Complex Media Attribution Challenges
AI-enhanced shopping experiences introduce new complexities around measurement that exacerbate existing challenges in retail media attribution. When transactions begin in conversational interfaces and are completed via various checkout systems, the conventional categorization of budgets tends to falter.
For example, if a shopper employs Perplexity to research “wireless headphones under $200,” receives AI-based recommendations, and ultimately completes a purchase through Shop Pay, which budget category does that sale belong to: “search,” “retail media,” or “affiliate”? Existing attribution frameworks were not designed for scenarios where transactions commence in a conversational format and finalize in retailer wallets.
This complexity isn’t merely about budget classification. Marketing teams will require new frameworks to monitor and optimize spending across conversational interfaces, especially as these platforms begin to develop their own advertising inventory. The intricacy increases further when an individual AI agent may source product details from various retailers, compare prices across different platforms, and facilitate transactions through entirely separate systems.
Even with EMARKETER’s projection hitting $25 billion by 2029, AI search advertising is expected to remain smaller than retail media in terms of absolute dollars. However, incremental growth in advertising—which is likely to trend upward post-2027—may increasingly favor AI-powered search as conversational interfaces emerge as primary discovery channels.
Preparing for the AI Search Advertising Revolution
The convergence of product-data feeds with AI search advertising presents first-mover advantages for brands willing to consider these systems as interrelated challenges rather than isolated issues. To thrive in this evolving landscape, there must be an alignment across teams traditionally siloed in product management, media buying, and technology systems.
The necessary technical infrastructure is quickly maturing beyond current offerings, with standards like Anthropic’s Model Context Protocol (MCP) emerging as what one might call a “USB-C for AI agents.” This protocol standardizes connections that expose products, inventory, loyalty programs, and transactional capabilities to compliant AI models.
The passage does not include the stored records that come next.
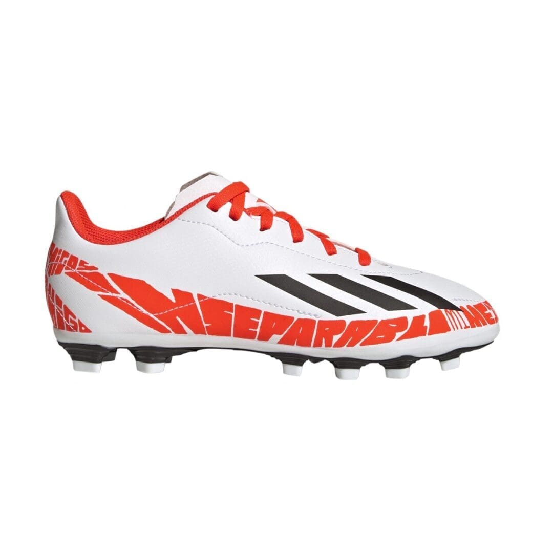 These juniors’ soccer cleats were created for quick cuts and match-turning speed on firm ground, hard ground and artificial grass. Soft and durable, their synthetic upper keeps you comfortable in top gear. Bold graphics highlight Lionel Messi’s lifelong love affair with the ball.
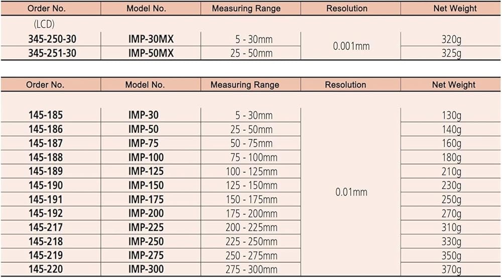 Inside Micrometers145-185 5-30mm 145-186 25-50mm 145-187 50-75mm 145-188 75-100mm 145-189 100-125mm Caliper Type
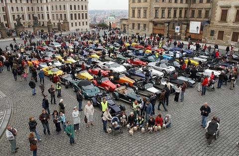 Spanilá jízda Prahou. Na Hradčanském náměstí při závěrečném fotografování parkovalo 106 aut, z toho bylo
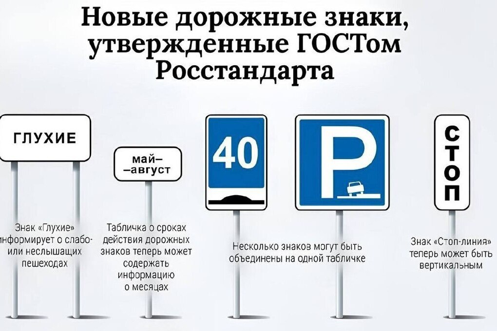 Среди нововведений – вертикальный знак «Стоп-линия», табличка «Глухие пешеходы» для акцентирования внимания на людях с нарушениями слуха, а также знак «Рекомендуемая скорость при проезде искусственной неровности».
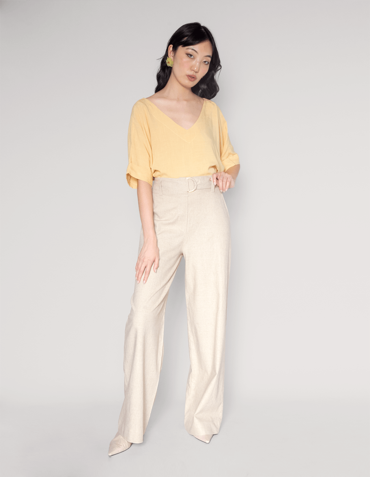 Calça pantalona confeccionada em viscose com linho. possui cós com passante acompanhado de cinto faixa meia argola no mesmo tecido e elástico franzido na cintura costas, bolsos faca funcionais. é a escolha perfeita para quem busca conforto e estilo!
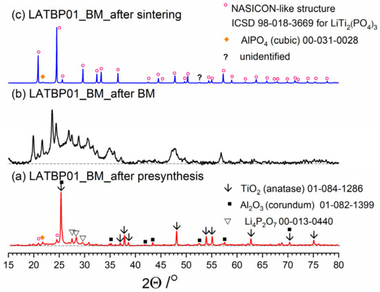 Diffractograms presenting different stages of LATBP01_BM_ceramic formation: (a) after presynthesis at 350 °C for 3 h; (b) after ball-milling at 600 rpm for 72 h; (c) after heat treatment at 900 °C for 12 h.
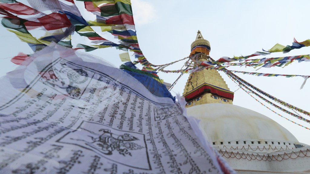 El tercer día fuimos a visitar el templo de Boudhanath Pashupatinath, el más antiguo e importante de la ciudad. Allí se encuentra la estupa más grande del país y sobre ella volvemos a encontrar los ojos de Buda. El lugar es como una plaza circular con la estupa en el centro. Está toda decorada con los famosos banderines nepalíes, los cuales representan a los chakras, por eso hay 7 cada uno del color de uno de los chakras. Para entrar hay que pagar entrada y dentro se mezclan tanto fieles que peregrinan allí como turistas.
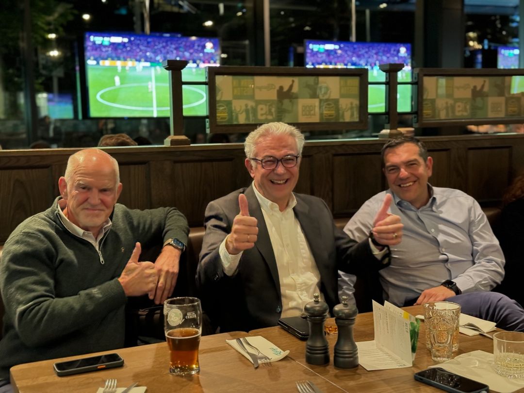 Παρότι οι δύο πρώην πρωθυπουργοί είναι φίλαθλοι του Παναθηναϊκού, αυτό δεν τους εμπόδισε να παρακολουθήσουν τους ποδοσφαιριστές του Χοσέ Λουίς Μεντιλίμπαρ -μαζί με τον φίλο των ερυθρολεύκων Θεόδωρο Ρουσόπουλο- στον κρίσιμο τελικό του Europa Conference League, που τελικώς κατέκτησαν στην παράταση, νικώντας τη Φιορεντίνα με γκολ του Ελ Κααμπί.

This innovation permits retailers to expand their participation across AI marketplaces without sacrificing customer data integrity or control over pricing.
As highlighted by Jason Goldberg, Chief Commerce Strategy Officer at Publicis Commerce, adaptability will be crucial. In his recent white paper, he states that the companies that succeed in the new AI search landscape will likely not be the loudest but the most agile. His analysis of disruptions in AI commerce suggests that brands should neither neglect optimizing their products for LLMs nor avoid engaging in pilot projects with emerging AI commerce partnerships.
The rationale behind EMARKETER’s $25 billion forecast becomes evident when considering the developments in infrastructure. Product feeds that once only catered to comparison shopping engines or retailer websites are now enabling conversational AIs to autonomously research, recommend, and finalize transactions. Coupled with increasing consumer adoption, the stage is set for the explosive growth predicted by EMARKETER.
Brands that integrate their product data management with their media strategy will be poised to capitalize as AI search advertising continues to scale. In contrast, those that choose to keep their AI initiatives apart from core commerce operations may find themselves at a competitive disadvantage as conversational search gains traction.